Entering and Exiting The MRuby VM
The timers within mruby-profiler are relatively simple and in most code they tend to work very well. They do fail when interacting with any program which ends up doing a fair amount of work within C which ends up calling ruby methods from C. To elaborate on that, let’s first look at how mruby-profiler calculates how much time is spent at a given mruby opcode.
The mruby-profiler gem uses the code fetch hook within the mruby VM. Every time an opcode is executed by the mruby VM the code fetch hook is called. MRuby-profiler records the time when an instruction is fetched. When the next fetch occurs the difference in time is assumed to be the amount of time spent in the previous instruction.
Generally this model works well. For normal ruby code it’s completely accurate, for ruby calling simple C routines the appropriate amount of time is given to the OP_SEND instruction which lead to the C call, but it fails with a mixture of C/ruby calls.
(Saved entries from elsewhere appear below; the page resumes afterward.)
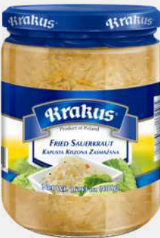
FRIED SAUERKRAUT KAPUSTA KISZONA ZASMAŻANA 16.93 oz | 480 g | 12 units UPC# 820213100904
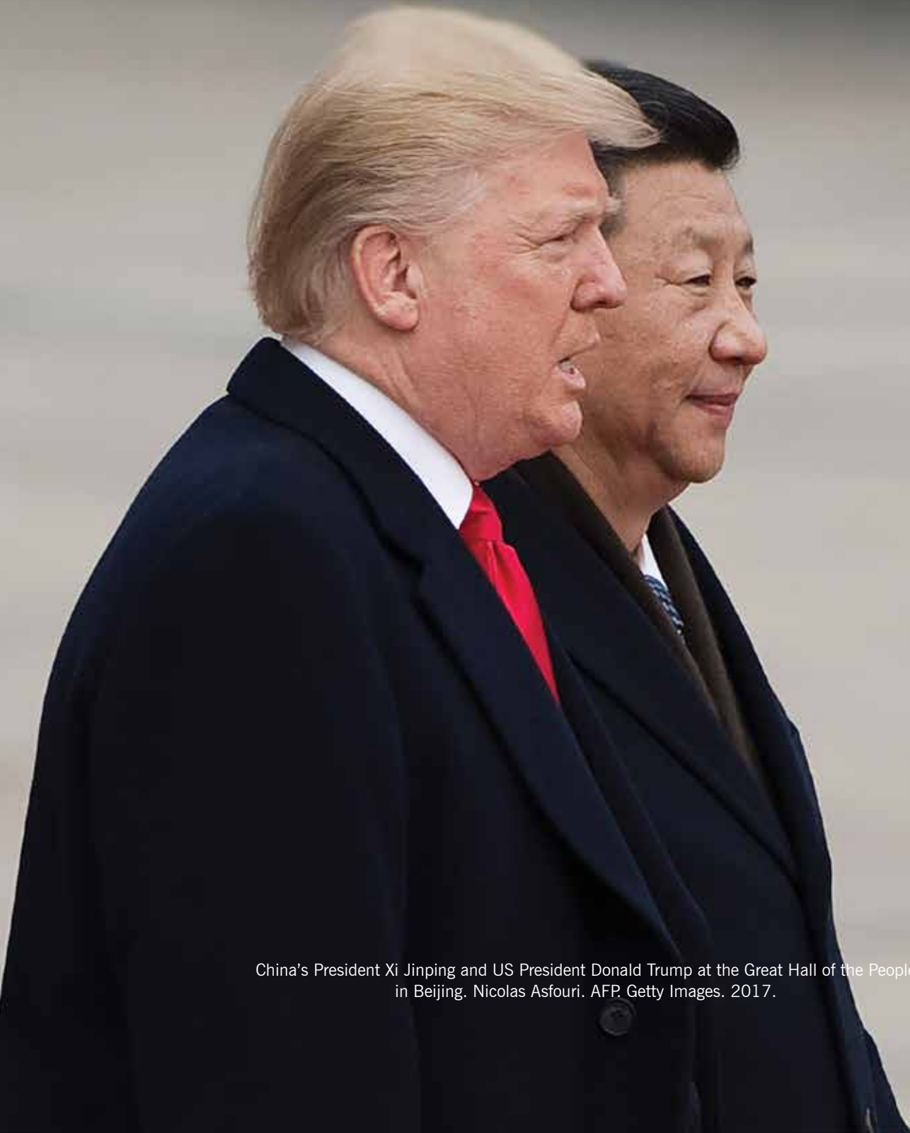
China's President Xi Jinping and US President Donald Trump at the Great Hall of the People in Beijing.

AN ADDRESS TO THE ASIA SOCIETY NEW YORK CITY DECEMBER 5, 2018
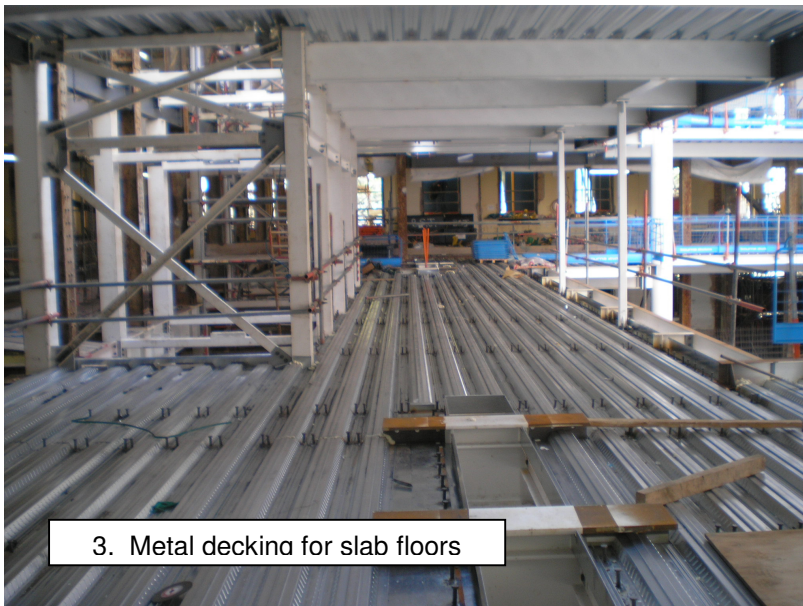
3. Metal decking for slab floors
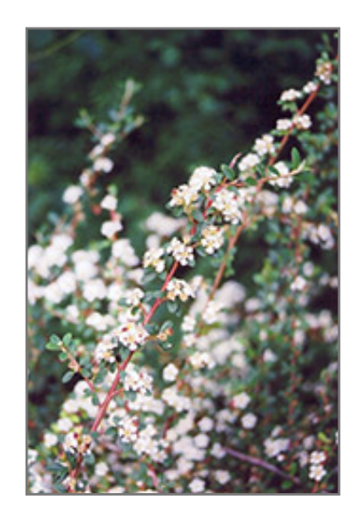
Bearberry Cotoneaster flowers
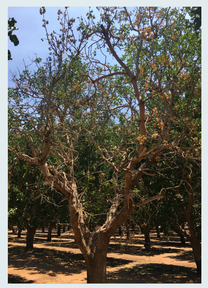
Death of a pistachio tree affected by Verticillium wilt
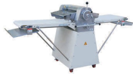
Dough Sheeter Floor Model

Consider the below sequence of events:
-
C code calls one ruby method
-
C code works on a long running task
-
C code calls another ruby method
During step 2 no ruby opcodes will be observed by mruby-profiler. Thus, when step 3 occurs and a new VM opcode is fetched, then all the time that was spent in step 2 is attributed to the last instruction in step 1. Typically the last instruction of a mruby method would be OP_RETURN. So, if you spot an OP_RETURN which is taking much more time than it should, be aware that it may be counting time spent in a calling C function.
A lack of cumulative child function time
In general I’d say having method/instruction time presented as 'self-time' is preferable in a reasonably well architected system. Self-time presents how much time could effectively be saved by optimizing the method by itself without considering the rest of the code it ends up calling.
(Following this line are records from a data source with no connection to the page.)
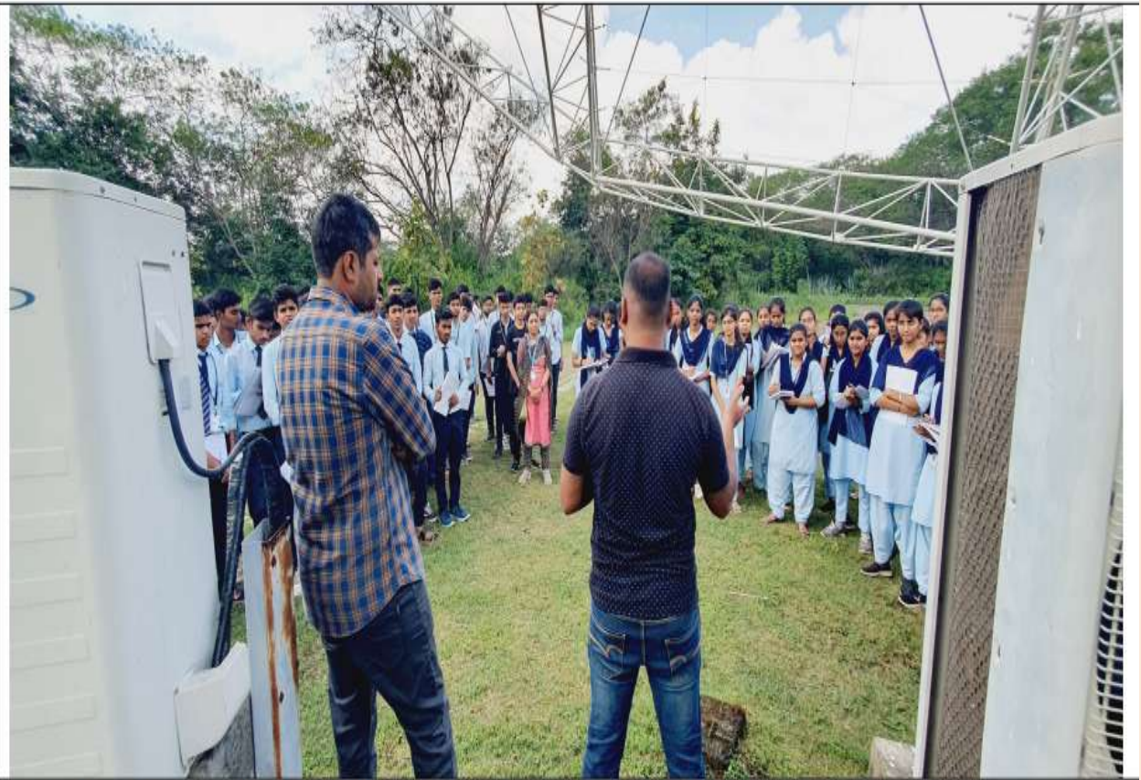
Industrial visit to GMRT, Narayangaon of IIEL(B) on 14/10/2022
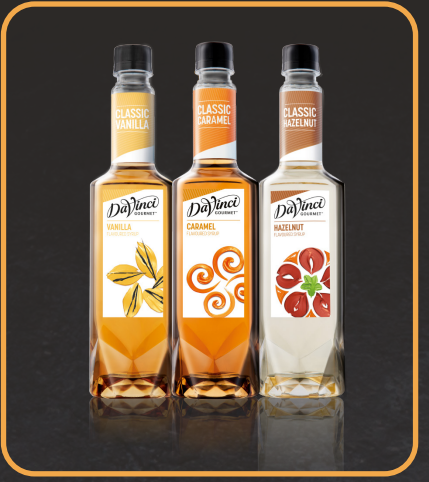
Kerry Ingredients Sdn Bhd DaVinci Gourmet Classic Syrups Booth No: F24
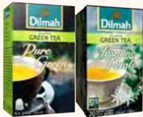
DILMAH GREEN TEA JASMINE PETALS/ PURE GREEN/MOROCCAN MINT/ SENCHA 20S RM9.38
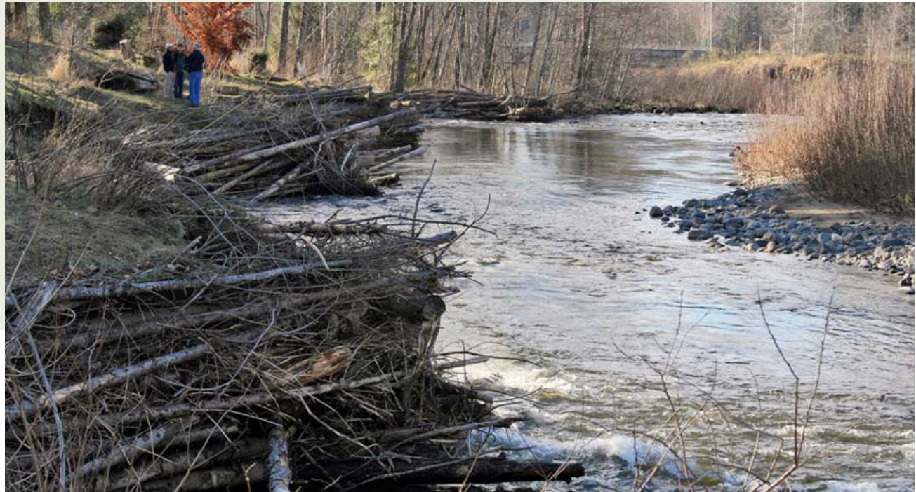
Four of the engineered logjams designed by Herrera Environmental Consultants on the Mashel River outside of Eatonville, WA.

On the Mashel River, just outside of the town of Eatonville, Washington, Smallwood Park contains a pond utilized by the town's residents for their annual fishing derby. Every few years the Mashel River is subject to flooding and the park, along with the pond, becomes inundated with floodwaters. The river embankment by this pond has begun to erode, and with each new flood event, the park, and the County road nearby, are potentially threatened with damage.

Self-time, however, can create a few problems with interpreting the results of mruby-profiler. If a hotspot function is called a large number of times, it can be tricky to backtrack which functions called it a significant number of times or with a particular type of data which took the hotspot function longer to evaluate. The lack of cumulative times also make it hard to evaluate if a particular function is 'expensive to call'. It is possible to have an 'expensive to call' function which does not use a significant amount of time with called functions which also do not use much time. If, however, there is a sufficiently deep call stack, then an innocuous function can still become very expensive in the cumulative sense (i.e. "death by a million cuts")
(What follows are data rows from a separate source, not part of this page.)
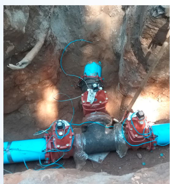
(L to R) Due to aging pipes, there are many leaks that need to be repaired; Installing a new water main.
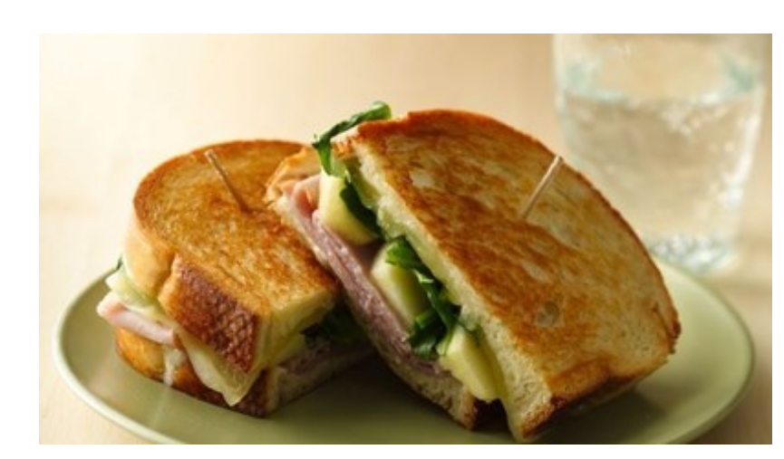
Grilled Ham and Cheese Supper
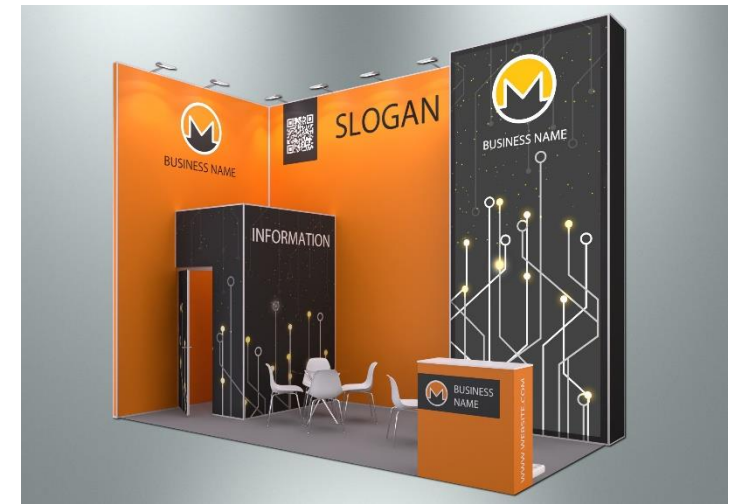
Example of stand with full-color walls design (additional service)
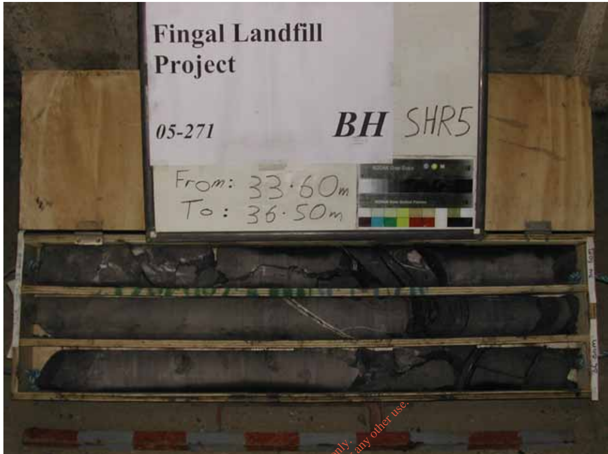
BH SHR5: 33.60-36.50m

The last issue is one that’s more ruby specific. I’d say it’s fair to say that if you enjoy ruby you use blocks… You use them a lot. For those of you unfamiliar with what a block is here’s a simple example:
object.method do |optional_args|
work_on_block
end
irep 0x9b433e0 nregs=3 nlocals=1 pools=0 syms=2 reps=1
file: tmp.rb
1 000 OP_LOADSELF R1
1 001 OP_SEND R1 :object 0
1 002 OP_LAMBDA R2 I(+1) 2
1 003 OP_SENDB R1 :method 0
1 004 OP_STOP
irep 0x9b494a8 nregs=5 nlocals=3 pools=0 syms=1 reps=0
file: tmp.rb
1 000 OP_ENTER 1:0:0:0:0:0:0
2 001 OP_LOADSELF R3
2 002 OP_SEND R3 :work_on_block 0
2 003 OP_RETURN R3 return
In the ruby code :method is called with the block (do..end). The block is encoded as a lambda function (the second irep) and method ends up calling the lambda. Just like in the very first example, with Fixnum#times, the cost involved with :method is associated with :method’s implementation and not the object.method call. When the block accepting method adds a significant amount of overhead it’s very easy to overlook using self-time and you should be aware of it when profiling. In the case of iteration, we’ll revisit block-method overhead later in this article.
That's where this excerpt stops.